There are numerous potential competitors who could enter the market for CNG and LNG as vehicle fuels. Many of these potential entrants, such as integrated oil companies and natural gas utilities, have far greater resources and brand awareness than we have. If the use of natural gas vehicles increases, these companies may find it more attractive to enter the market for natural gas vehicle fuels and we may experience increased pricing pressure, reduced operating margins and fewer expansion opportunities.
We are in the process of commencing operations at a new LNG liquefaction plant, which could cost more to operate than we estimate and divert resources and management attention.
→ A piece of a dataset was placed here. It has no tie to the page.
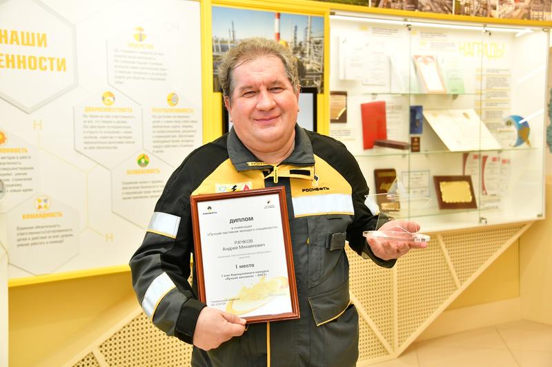 Участниками заводского этапа конкурса «Роснефти» на звание лучшего наставника стали 83 самых опытных нефтепереработчика. Именно им на заводе доверена работа с начинающими сотрудниками. Взаимодействие со вчерашним выпускником вуза или с человеком, уже имеющим опыт, требует разных знаний, навыков, подходов. Поэтому итоги конкурса подводятся в двух номинациях: «Лучший наставник молодого специалиста» и «Лучший наставник рабочего». Начальник электротехнической лаборатории электроцеха Андрей Рачков стал лучшим среди 20 наставников молодых специалистов. Подвижнический труд слесаря ремонтно-механического цеха Александра Кокушкина признан лучшим среди шести десятков наставников рабочих.

We are in the initial stages of operating our LNG liquefaction plant in California, which began producing LNG in November 2008. The implementation and operation of any plant of this nature has inherent risks. Permitting, environmental issues, a lack of materials and a lack of human resources, among other factors, could complicate our ability to operate the LNG liquefaction plant and affect the operation of the plant. The new facility could also present increased financial exposure through start-up delays, repairs and incomplete production capability. If the new plant has higher than expected operating costs and is not able to produce expected amounts of LNG, we may be forced to sell LNG at a price below production costs and we may lose money. Additionally, if the quality of LNG produced at the plant does not meet contractual specifications, our customers may not be required to purchase it, which would harm our business.
If we do not have effective futures contracts in place, increases in natural gas prices may cause us to lose money.
From 2005 to 2008, we sold and delivered approximately 30% of our total gasoline gallon equivalents of CNG and LNG under contracts that provided a fixed price or a price cap to our customers over terms typically ranging from one to three years, and in some cases up to five years. At any given time, however, the market price of natural gas may rise and our obligations to sell fuel under fixed price contracts may be at prices lower than our fuel purchase or production price if we do not have effective futures contracts in place. This circumstance has in the past and may again in the future compel us to sell fuel at a loss, which would adversely affect our results of operations and financial condition. Commencing with the adoption of our revised natural gas hedging policy in February 2007, we expect to purchase futures contracts to hedge our exposure to variability related to our fixed price contracts. However, such contracts may not be available or we may not have sufficient financial resources to secure such contacts. In addition, under our hedging policy, we may reduce or remove futures contracts we have in place related to these contracts if such disposition is approved in advance by our board of directors and derivative committee. If we are not economically hedged with respect to our fixed price contracts, we will lose money in connection with those contracts during periods in which natural gas prices increase above the prices of natural gas included in our customers' contracts. As of June 30, 2009, we were economically hedged with respect to four of our fixed price contracts with our customers.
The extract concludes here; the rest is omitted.